#### [Your assignment]
Give back every record below in full and exactly, but without a single image.

#### [Provided data]

[Start of Attachment]

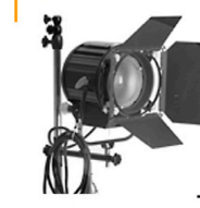
20,00 BLÄSING Fresnel-Spot 25 cm, Lampe fokussierbar, Filterrad, 4-Klappen
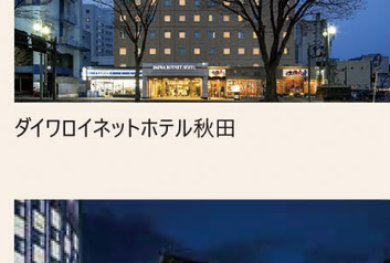
ダイワロイネットホテル秋田

※物件の最寄りにダイワロイネットホテルがない場合は2万円分のギフトカードを進呈いたします。
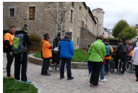
Marche pour la vue – Visite du Malzieu-Ville
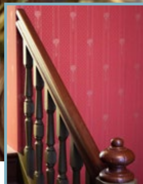
En blanding av gammelt og nytt. Trappen og håndløperen er laget av møbelsnekker Rune Hallberg, mens balustere og meglere er originale fra gården i Riddervoldsgate.
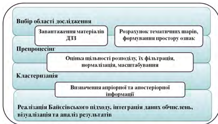
Рис. 1. Функціональна схема реалізації класифікатора на основі вирішального правила Байєса

У центральній частині області дослідження (Полтавська область) поширені поклади вуглеводнів в пастках структурного класу (склепінні, тектонічно-екрановані), що обумовлює вибір саме цієї території для прогнозування потенційно перспективних структурних форм.
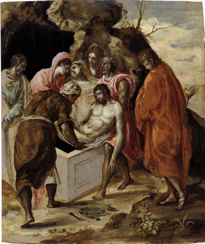
Η Ταφή, 1569, Αθήνα, Εθνική Πινακοθήκη

«Χριστός Ανέστη»: Η Ανάσταση του Χριστού εν μέσω δόξης.
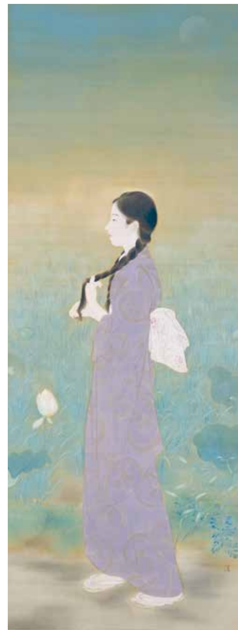
Asasuzu /Frio de la mañana (1925)
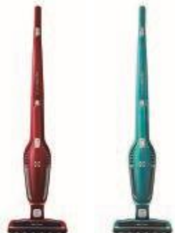
ZB3101 ウォーターメロンレッド
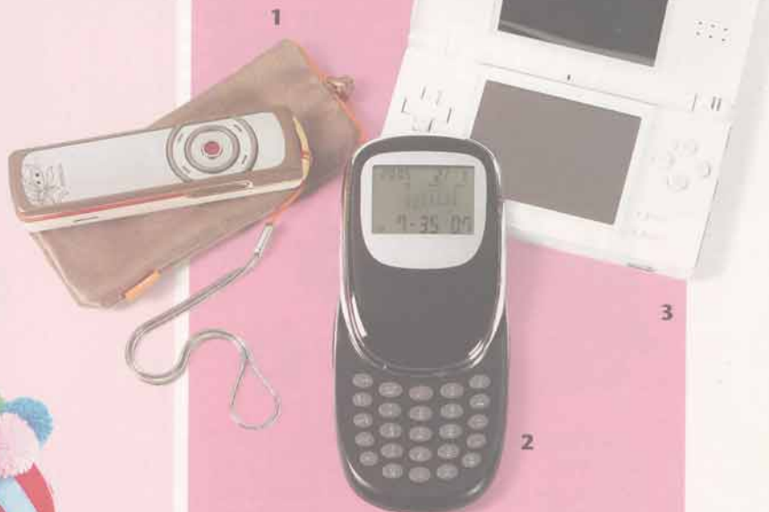
1. Cellulaire GSM 7380, avec miroir et appareil photo (Nokia, 775 $). 2. Calculatrice avec calendrier, horloge et convertisseur de monnaies (Addex Design, 9,99 $, chez Zone). 3. Console de jeu Nintendo DS, avec stylet (Nintendo, 149,95 $).
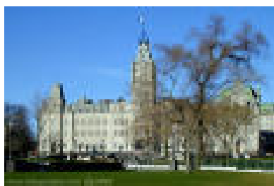
Parlement de Québec
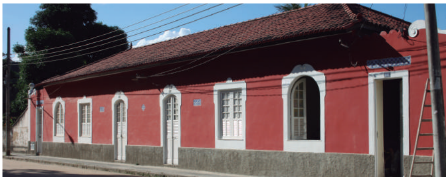
Rua Príncipe Regente, 44, 46 e 48
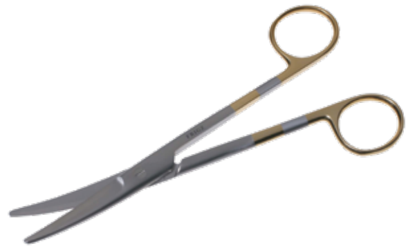
T/C エクセル・メーヨ剪刀 T/C Dissecting Scissors Mayo Super
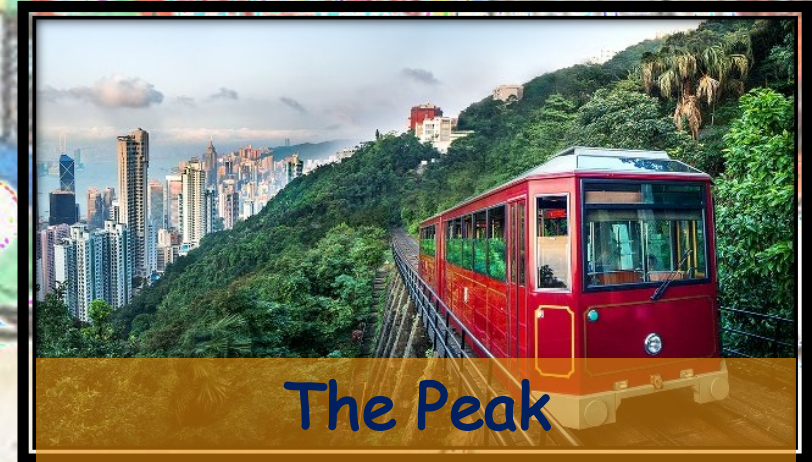
The Peak 太平山頂
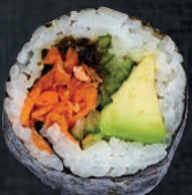
POPEYE 🌱 6,95 $ Épinard frit, avocat, concombre, carotte, miel, nori
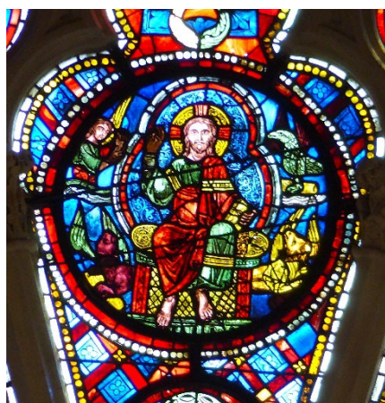
Au sommet des voussures du portail central
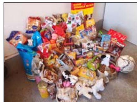
Děti z Mlýnské předaly opuštěným psům velké množství dárek.
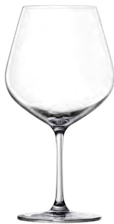
Burgundy glass / Burgunderglas / Verre à Bourgogne / Copa de Bourgogne / Calice da Bourgogne
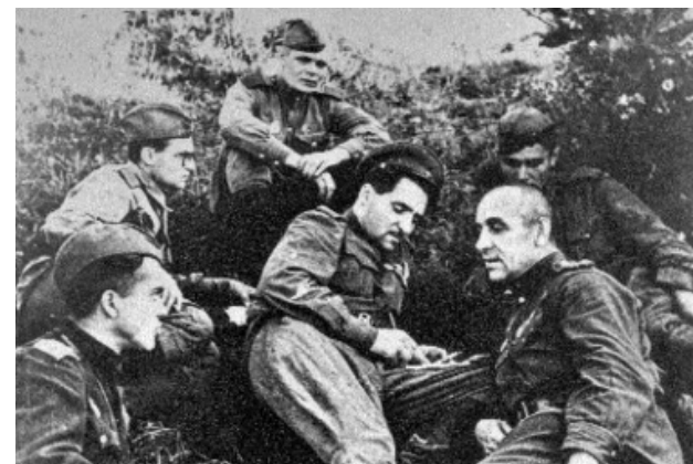
● Константин Симонов, военкор

В 1946 году печатают документальную повесть "В окопах Сталинграда" участника Сталинградской битвы Виктора Некрасова. Писатель Борис Васильев уходит на фронт добровольцем. После войны он напишет пронзительную повесть "А зори здесь тихие" (опубликована в 1969 году), роман "В списках не значился" об обороне Брестской крепости (1974), "Завтра была война" (1984) и другие ставшие классическими произведениями.
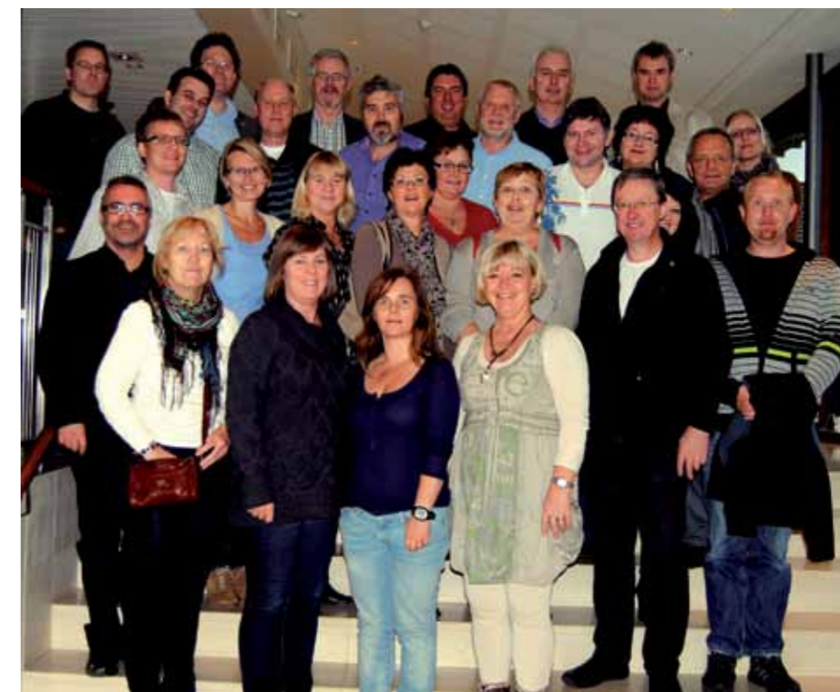
Landsstyremøtet 2012.

Generelt var det gode diskusjoner og gode innspill til de ovennevnte temaene. Vik-
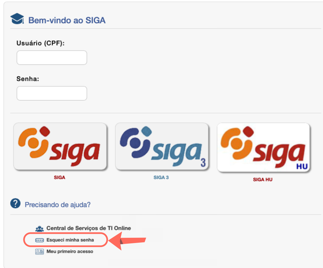
Figura 01 – Localização do link “Esqueci minha senha” para o acesso ao SIGA no site da UFJF

Uma nova janela requisitará dados pessoais, conforme ilustra a figura 02.
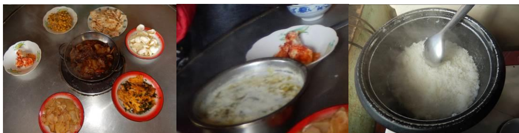
图 15 当日午餐菜品组图

当日饭菜质量情况概述: 午餐菜品为一肉五素菜一汤, 比较可口, 咸淡适中; 通过观察学生用餐全过程, 老师组织比较严密, 与学生同餐, 期间还为没吃饱的学生添加饭菜; 学生普遍吃的比较香, 与学生座谈情况基本反映良好。
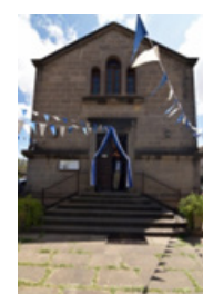
Ο Αγ. Φρουμέντιος
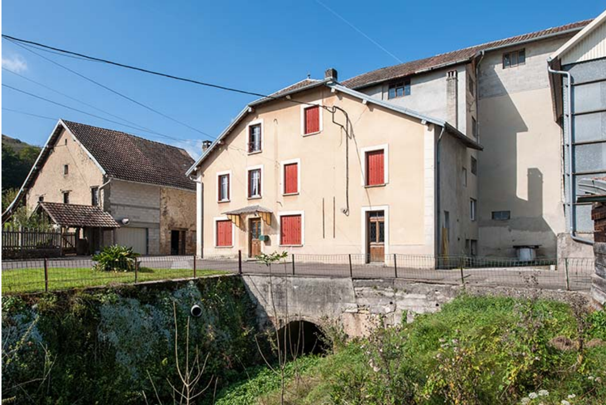
La ferme et le moulin, depuis le sud-est.

25, Mancenans, lieudit : moulin de l'Abbaye

[End of Attachment]

#### [Answer box]
20,00 BLÄSING Fresnel-Spot 25 cm, Lampe fokussierbar, Filterrad, 4-Klappen
ダイワロイネットホテル秋田

※物件の最寄りにダイワロイネットホテルがない場合は2万円分のギフトカードを進呈いたします。
Marche pour la vue – Visite du Malzieu-Ville
En blanding av gammelt og nytt. Trappen og håndløperen er laget av møbelsnekker Rune Hallberg, mens balustere og meglere er originale fra gården i Riddervoldsgate.
Рис. 1. Функціональна схема реалізації класифікатора на основі вирішального правила Байєса

У центральній частині області дослідження (Полтавська область) поширені поклади вуглеводнів в пастках структурного класу (склепінні, тектонічно-екрановані), що обумовлює вибір саме цієї території для прогнозування потенційно перспективних структурних форм.
Η Ταφή, 1569, Αθήνα, Εθνική Πινακοθήκη

«Χριστός Ανέστη»: Η Ανάσταση του Χριστού εν μέσω δόξης.
Asasuzu /Frio de la mañana (1925)
ZB3101 ウォーターメロンレッド
1. Cellulaire GSM 7380, avec miroir et appareil photo (Nokia, 775 $). 2. Calculatrice avec calendrier, horloge et convertisseur de monnaies (Addex Design, 9,99 $, chez Zone). 3. Console de jeu Nintendo DS, avec stylet (Nintendo, 149,95 $).
Parlement de Québec
Rua Príncipe Regente, 44, 46 e 48
T/C エクセル・メーヨ剪刀 T/C Dissecting Scissors Mayo Super
The Peak 太平山頂
POPEYE 🌱 6,95 $ Épinard frit, avocat, concombre, carotte, miel, nori
Au sommet des voussures du portail central
Děti z Mlýnské předaly opuštěným psům velké množství dárek.
Burgundy glass / Burgunderglas / Verre à Bourgogne / Copa de Bourgogne / Calice da Bourgogne
● Константин Симонов, военкор

В 1946 году печатают документальную повесть "В окопах Сталинграда" участника Сталинградской битвы Виктора Некрасова. Писатель Борис Васильев уходит на фронт добровольцем. После войны он напишет пронзительную повесть "А зори здесь тихие" (опубликована в 1969 году), роман "В списках не значился" об обороне Брестской крепости (1974), "Завтра была война" (1984) и другие ставшие классическими произведениями.
Landsstyremøtet 2012.

Generelt var det gode diskusjoner og gode innspill til de ovennevnte temaene. Vik-
Figura 01 – Localização do link “Esqueci minha senha” para o acesso ao SIGA no site da UFJF

Uma nova janela requisitará dados pessoais, conforme ilustra a figura 02.
图 15 当日午餐菜品组图

当日饭菜质量情况概述: 午餐菜品为一肉五素菜一汤, 比较可口, 咸淡适中; 通过观察学生用餐全过程, 老师组织比较严密, 与学生同餐, 期间还为没吃饱的学生添加饭菜; 学生普遍吃的比较香, 与学生座谈情况基本反映良好。
Ο Αγ. Φρουμέντιος
La ferme et le moulin, depuis le sud-est.

25, Mancenans, lieudit : moulin de l'Abbaye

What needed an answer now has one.